2, 43 and 44, these electrodes comprising connecting elements 41A, 42A, 43A and 44A, respectively. During operation, the voltages V ₁ and V ₂ (V ₁ <V
₂ ) respectively, the voltage V ₁ is supplied to the electrodes 41 and 43, and the voltage V ₂ is supplied to the electrodes 42 and 44. The width of the connecting elements 41A and 43A is made larger than the width of the connecting elements 42A, 43A and 44A. In this example, the connection element 4
The width of 1A and 43A is 8 mm, and the connecting elements 42A and 4A
The width of 4A is 5mm. The difference in width between the connecting elements is preferably larger than the distance between the connecting elements when viewed in the direction along the electron beam.

In the cathode ray tube according to the present invention, electron hopping, which tends to occur between the connecting elements, is substantially reduced or eliminated, so that damage to the electron gun and reduction in contrast do not occur or are considerably reduced. Another advantage resides in increased electron gun sparking. In the normal manufacturing process of electron guns, the electrodes are sparked. Therefore, an extremely high voltage difference is generated between the electrodes. This causes flashover between the electrodes. This leaves burr and loose particles from the electrode. Flashover between connecting elements during sparking has two adverse effects. First, there is little or no flashover between the electrodes, and secondly, loose particles are formed. With the cathode ray tube according to the invention, the risk of flashover between the connecting elements is reduced. The present invention is not limited to the examples described above, and it goes without saying that many modifications can be made.

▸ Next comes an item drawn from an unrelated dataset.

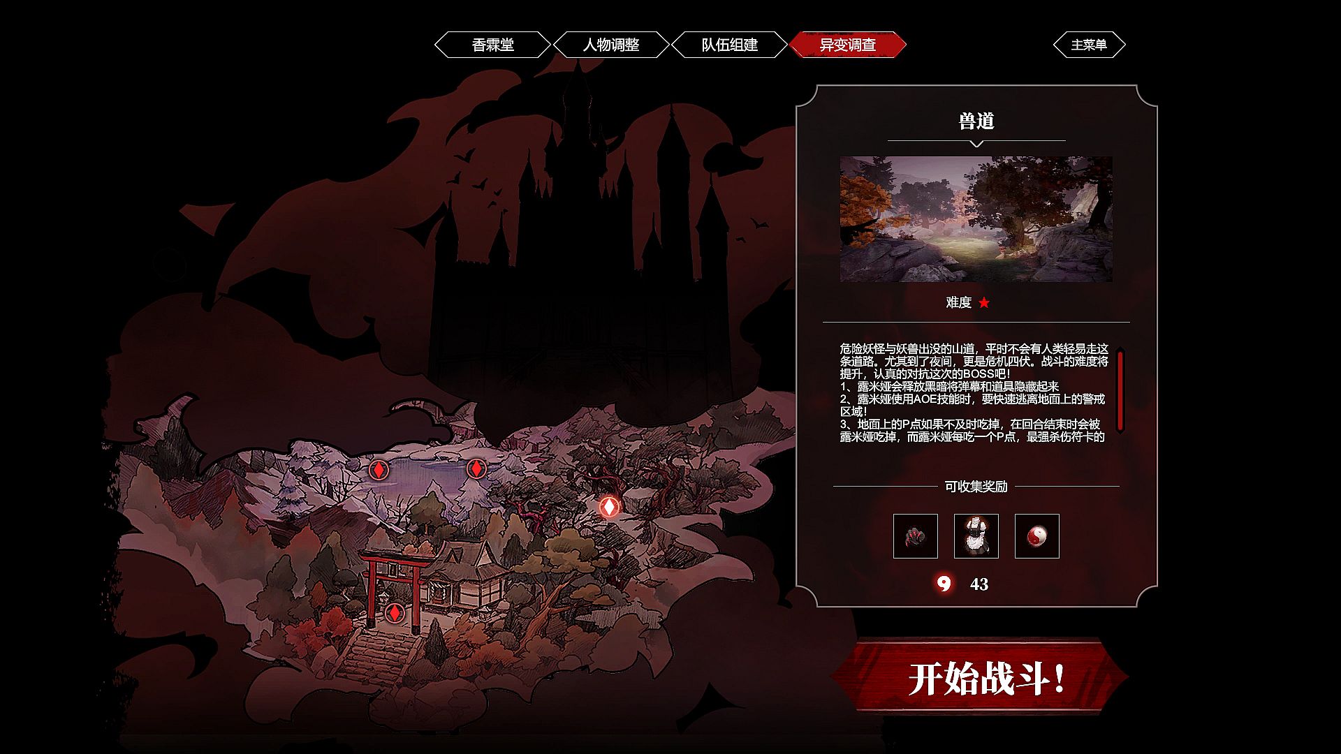 We design a map ranging from Hakurei Shrine to Scarlet Devil Mansion.What’s more, you will see some special landmarks on this map, they correspond to battlefields in official games.Yes, those familiar opponents will challenge you when you exploring the map. Here is the explanation in detail about this system:

[Brief description of drawings]

FIG. 1 is a partial perspective view of a cathode ray tube.

FIG. 2 is a partial perspective view of an electron gun.

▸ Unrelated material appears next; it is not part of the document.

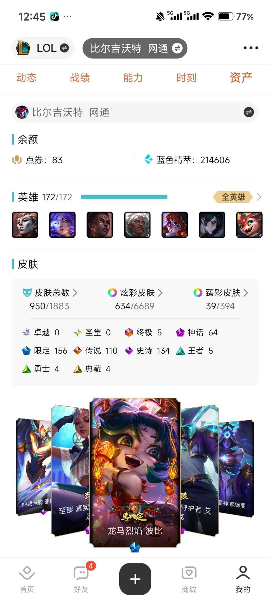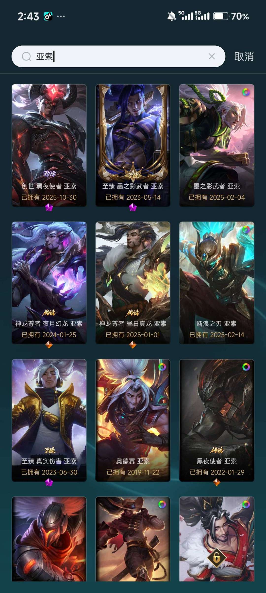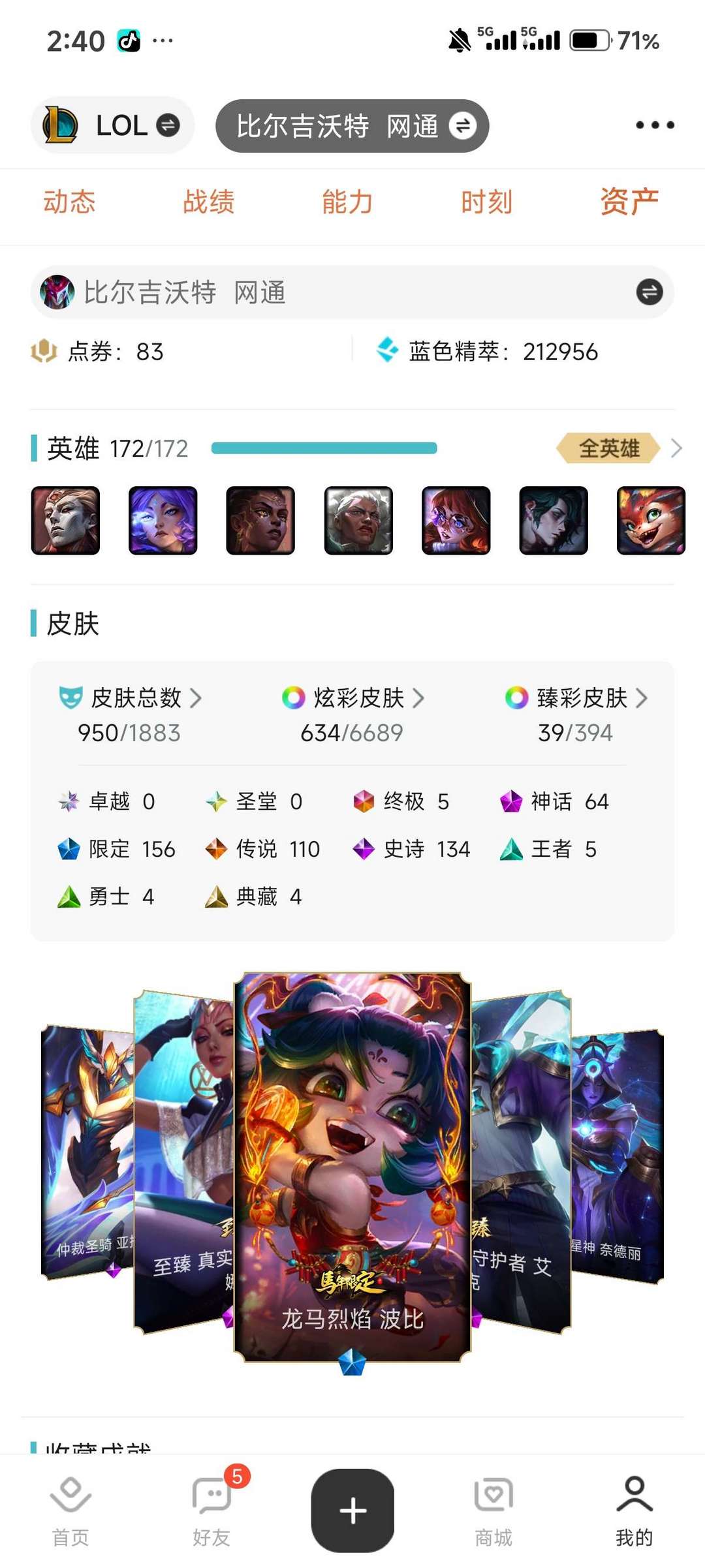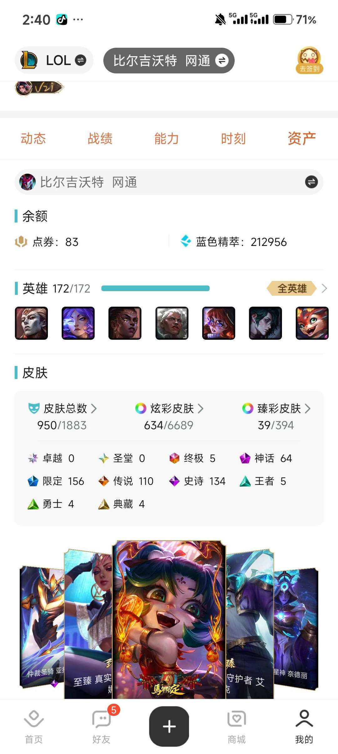 900 多个皮肤,亚索,永恩的神话,还有一堆臻彩,自己看吧,~(¯▽¯~),经济实惠

FIG. 3 is a side view showing in detail a part of the electron gun.

FIG. 4 is a sectional view showing in detail a part of another example of the electron gun.

[Explanation of symbols]

 1 cathode ray tube 2 exhaust container 3 display window 4 cone 5 neck 6 electron gun 10 light emitting screen 12 shadow mask 14 voltage supply means 21, 27, 29, 31 common electrode 22, 23, 24 cathode 25, 28, 30, 32 connection element 26 Support 34 Bracket 35 Feed-through pin 36, 37, 41, 42, 43, 44 Electrode 38, 39, 41A to 44A Connection element

Claims (3)

[Claims] 1. A cathode ray line comprising a display screen, an electron generating means, an electron gun having a large number of electrodes and a support made of an insulating material, the electrode being provided with a connecting element fixed to the support. In the tube, the electron gun comprises a pair of electrodes arranged one behind the other, the connecting elements of these electrodes extending in a plane transverse to the electron beam, of the connecting elements of one of the pair of electrodes. A cathode ray tube having a width different from a width of a connecting element of the other electrode of the electrode pair. 2. The cathode ray tube comprises means for supplying a voltage to said electrode pair, and the voltage supplied to the electrode having the widest connecting element during operation is the narrowest connecting element. The cathode ray tube according to claim 1, wherein the voltage is set to be lower than the voltage supplied to the electrodes included therein. 3. The cathode ray according to claim 1, wherein a difference in width between the connecting elements is set to be larger than a distance between the connecting elements viewed in a direction along the support. tube.